• Clinically and genetically heterogeneous group of connective tissue disorders caused by defective function of various collagens, collagen-processing enzymes, and associated proteins.

• The cardinal physical findings of hyperextensible, fragile skin, and hypermobile joints (Fig. 80.1) are present to varying degrees in different subtypes of EDS (Table 80.1).

• Manifestations of cutaneous fragility include easy bruising (sometimes leading to suspicion of a bleeding disorder; see Fig. 80.1D) and gaping, ‘fish-mouth’ wounds from minor trauma that heal with widened, atrophic scars (see Fig. 80.1C); additional findings may include smooth velvety skin, molluscoid pseudotumors (fleshy nodules in sites of repetitive trauma), subcutaneous spheroids over bony prominences (small, hard nodules that represent calcified fat lobules), piezogenic papules (see Chapter 82), and elastosis perforans serpiginosa (see Chapter 79).

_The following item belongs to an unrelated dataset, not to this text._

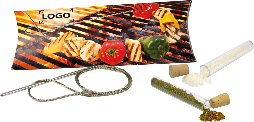 Beschreibung: Unsere BBQ-Box enthält Grillkräuter und Meersalz für die deftige Zubereitung von Speisen. Speziell zum Grillen oder Braten in der Pfanne ist ein Grilldraht enthalten, auf dem sich leicht Fleisch oder Gemüse aufspießen lassen und der nach dem Gebrauch wiederverwendbar ist. Alles ist schön und handlich verpackt in der Geschenk-Box. Platz für den Werbedruck ist auf dem Standardmotiv der Packung oder eine eigene Gestaltung der Packung, jeweils bereits ab 100 Stück.

• Rx: prevention of trauma; patients with the vascular type of EDS require close monitoring (especially during pregnancy) to avoid serious complications.

• Uncommon autosomal recessive disorder characterized by distorted and calcified elastic fibers in the skin, eyes, and cardiovascular system; caused by mutations in the ABCC6 gene, which encodes an ABC-cassette transporter (expressed primarily in the liver) that exports anti-mineralization factors into the circulation.

• Skin changes and asymptomatic ocular findings usually appear during the first two decades of life, with ocular and cardiovascular complications typically developing in the third and fourth decades.

• Thin yellowish papules coalesce to form cobblestoned plaques (resembling ‘plucked chicken skin’) on the lateral neck and in other flexural sites (e.g. antecubital and popliteal fossae, axillae, groin) (Fig. 80.2); decreased elasticity leads to sagging skin in affected areas (see Fig. 80.2D), and yellow papules on the oral mucosa may be evident (see Fig. 80.2E).

• Early ocular findings include angioid streaks, which reflect breaks in the calcified elastic lamina of Bruch’s membrane (also seen in other metabolic/genetic disorders, e.g. sickle cell anemia), and mottling of the retinal pigment epithelium; choroidal neovascularization and hemorrhage can result in progressive loss of vision.

• Calcification of elastic fibers in the walls of medium-sized arteries leads to luminal narrowing and clinical sequelae such as intermittent claudication, renovascular hypertension, angina, myocardial infarction, and stroke; GI hemorrhage may also occur.

• DDx: PXE-like cutaneous and extracutaneous findings can be seen in generalized arterial calcification of infancy (ENPP1 mutations), PXE-like disorder with coagulation factor deficiency (GGCX mutations), β-thalassemia, and sickle cell anemia; other conditions featuring PXE-like skin lesions are outlined in Table 80.2.

• Rx: an approach to management of PXE is presented in Table 80.3.

• Heterogeneous group of heritable and acquired disorders (Table 80.4) characterized by loose, sagging skin due to sparse and fragmented elastic fibers.

• Skin involvement is often generalized, giving patients a prematurely aged appearance (Fig. 80.3), but it may be localized to acral or periorbital sites; cutaneous findings are present at birth in most heritable forms of cutis laxa, developing later in acquired cutis laxa and some autosomal dominant variants.

• Extracutaneous manifestations can include emphysema, hernias (e.g. umbilical, inguinal), diverticula (e.g. GI, genitourinary), cardiovascular defects, musculoskeletal or craniofacial anomalies, and developmental delay; these findings are most common in autosomal recessive variants and occasionally occur in acquired forms.

• DDx: PXE and related conditions, mid-dermal elastolysis (see Chapter 82), anetoderma (see Chapter 82; smaller, circumscribed lesions), hereditary gelsolin amyloidosis.

• Rx: reconstructive surgery for cutaneous disease; multidisciplinary approach for internal involvement.

• Additional heritable connective tissue disorders with cutaneous manifestations are summarized in Table 80.5.